# YOUR ASSIGNMENT
Without the images, repeat every line of the listing exactly.

# INFORMATION PROVIDED
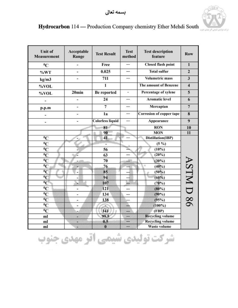 هیدروکربن سبک کد(بنزین) 114
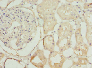 Immunohistochemistry of paraffin-embedded human kidney tissue using CSB-PA015701ESR1HU at dilution of 1:100
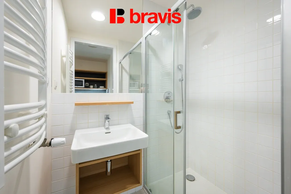Kompletně zařízené studio o velikosti 24 m² je skvělou volbou pro studenty či začínající pracující. Lze pronajmout i krátkodobě již od jednoho měsíce.
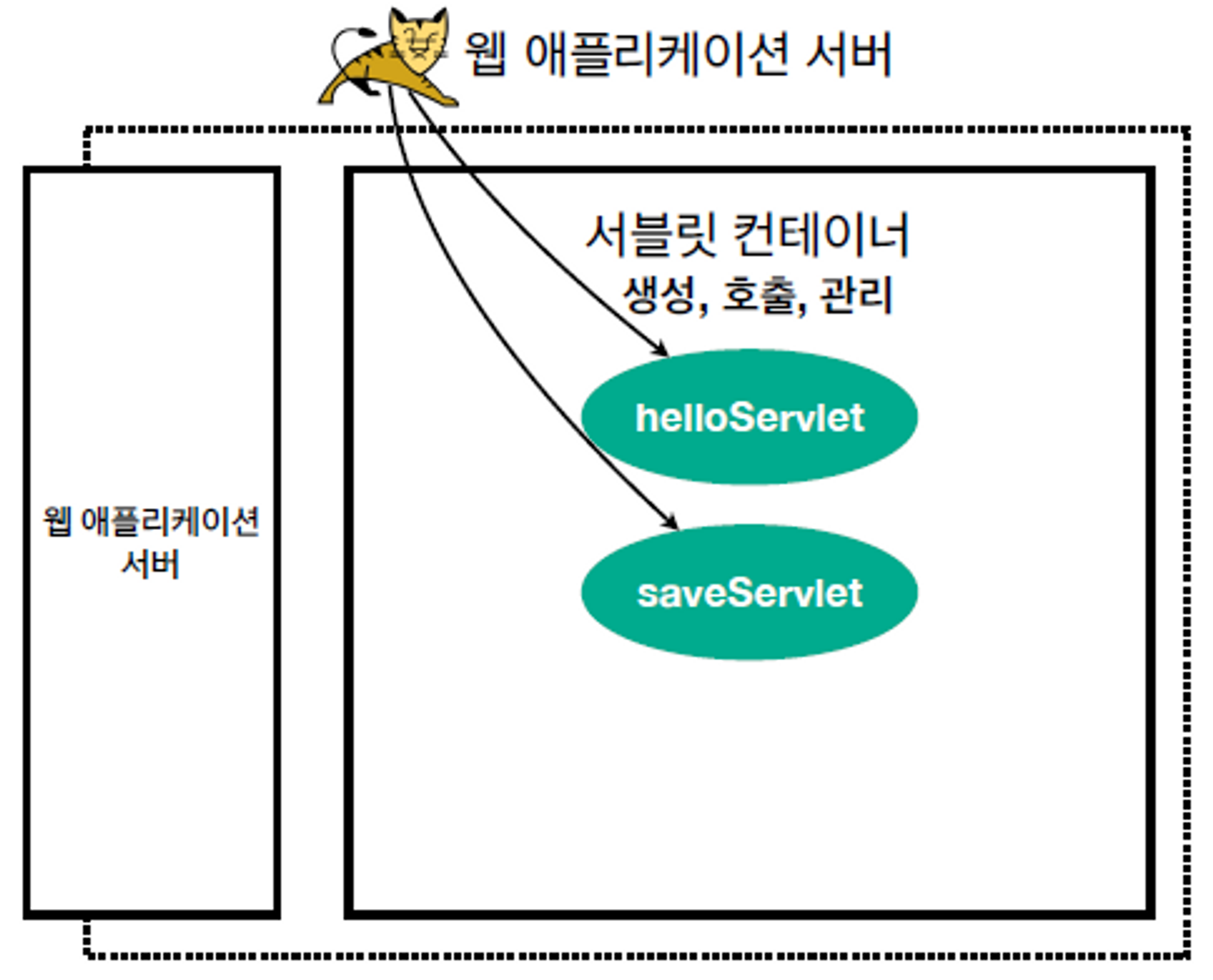 서블릿을 지원하는 WAS 안에는 서블릿 컨테이너가 있는데 서블릿 컨테이너 속 서블릿 객체가 관리 된다.

# OUTPUT OF THE TASK
 هیدروکربن سبک کد(بنزین) 114
 Immunohistochemistry of paraffin-embedded human kidney tissue using CSB-PA015701ESR1HU at dilution of 1:100
Kompletně zařízené studio o velikosti 24 m² je skvělou volbou pro studenty či začínající pracující. Lze pronajmout i krátkodobě již od jednoho měsíce.
 서블릿을 지원하는 WAS 안에는 서블릿 컨테이너가 있는데 서블릿 컨테이너 속 서블릿 객체가 관리 된다.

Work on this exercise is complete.